# EXERCISE PROMPT:
The expected result is a verbatim repetition of the lines from the start of the entries through the line containing "Абай мұрасының философиялық", with the pictures removed.
--- STORED DATA ---
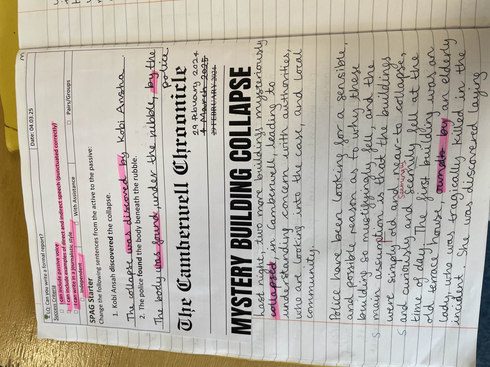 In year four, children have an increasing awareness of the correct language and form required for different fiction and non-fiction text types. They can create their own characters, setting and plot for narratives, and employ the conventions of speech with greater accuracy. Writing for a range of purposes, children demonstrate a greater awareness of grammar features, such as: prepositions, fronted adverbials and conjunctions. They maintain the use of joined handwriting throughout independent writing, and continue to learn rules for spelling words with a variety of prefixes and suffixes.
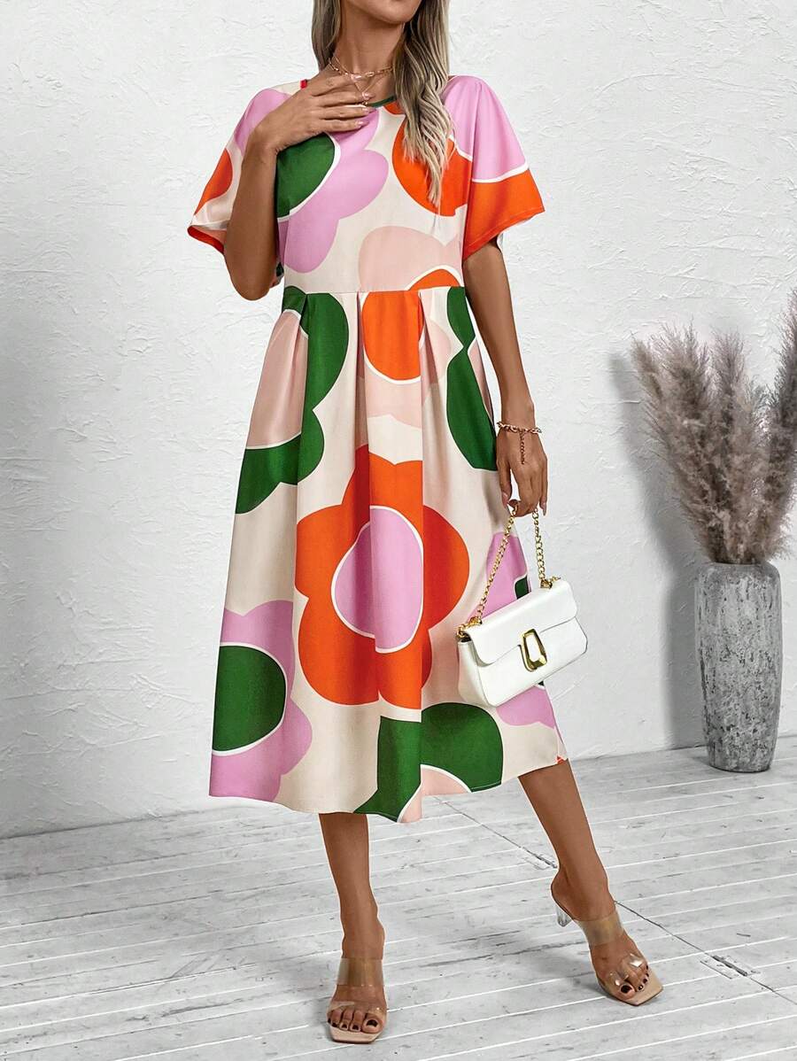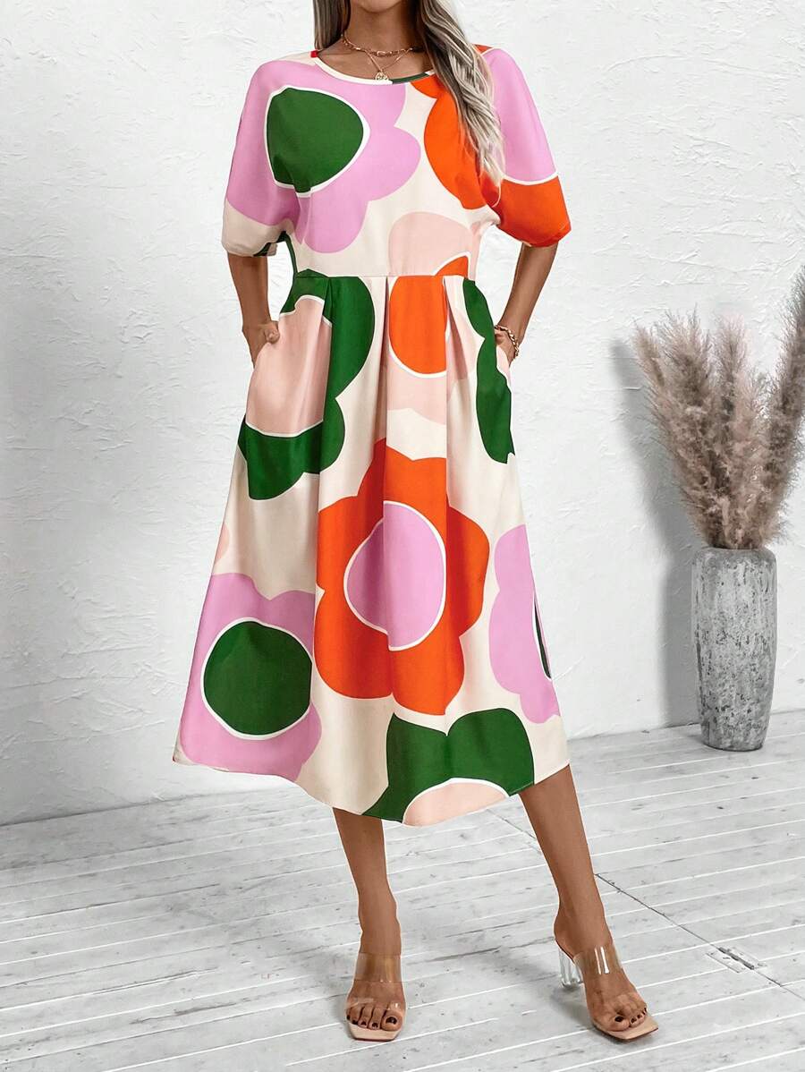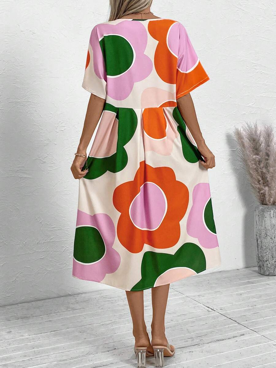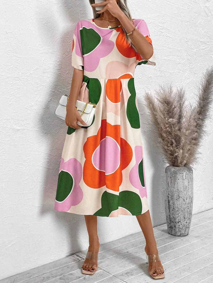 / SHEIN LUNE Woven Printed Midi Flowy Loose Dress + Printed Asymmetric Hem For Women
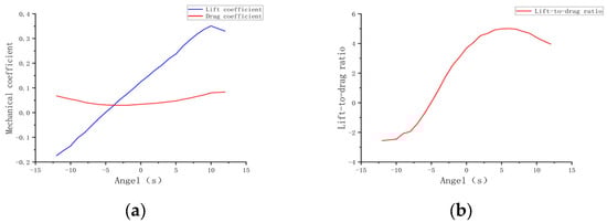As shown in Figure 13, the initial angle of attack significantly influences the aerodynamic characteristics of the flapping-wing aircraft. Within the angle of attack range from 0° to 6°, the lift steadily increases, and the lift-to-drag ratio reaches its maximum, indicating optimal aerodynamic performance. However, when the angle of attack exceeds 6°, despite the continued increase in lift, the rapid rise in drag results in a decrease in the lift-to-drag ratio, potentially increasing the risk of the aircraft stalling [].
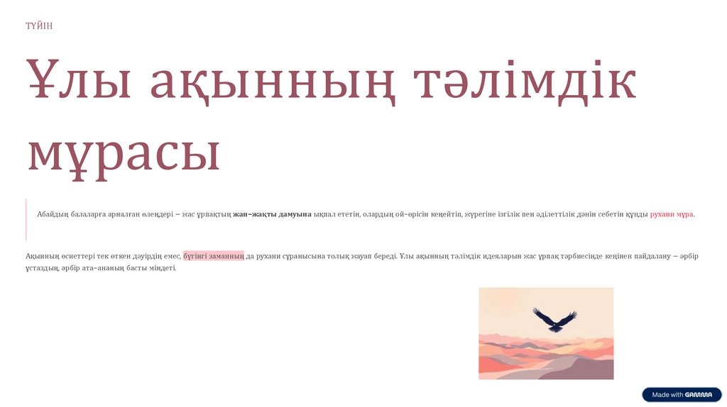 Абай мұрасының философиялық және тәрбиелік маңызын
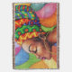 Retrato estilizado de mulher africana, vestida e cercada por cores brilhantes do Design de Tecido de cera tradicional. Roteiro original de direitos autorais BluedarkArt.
---
# EXPECTED ANSWER:
 In year four, children have an increasing awareness of the correct language and form required for different fiction and non-fiction text types. They can create their own characters, setting and plot for narratives, and employ the conventions of speech with greater accuracy. Writing for a range of purposes, children demonstrate a greater awareness of grammar features, such as: prepositions, fronted adverbials and conjunctions. They maintain the use of joined handwriting throughout independent writing, and continue to learn rules for spelling words with a variety of prefixes and suffixes.
 / SHEIN LUNE Woven Printed Midi Flowy Loose Dress + Printed Asymmetric Hem For Women
As shown in Figure 13, the initial angle of attack significantly influences the aerodynamic characteristics of the flapping-wing aircraft. Within the angle of attack range from 0° to 6°, the lift steadily increases, and the lift-to-drag ratio reaches its maximum, indicating optimal aerodynamic performance. However, when the angle of attack exceeds 6°, despite the continued increase in lift, the rapid rise in drag results in a decrease in the lift-to-drag ratio, potentially increasing the risk of the aircraft stalling [].
 Абай мұрасының философиялық және тәрбиелік маңызын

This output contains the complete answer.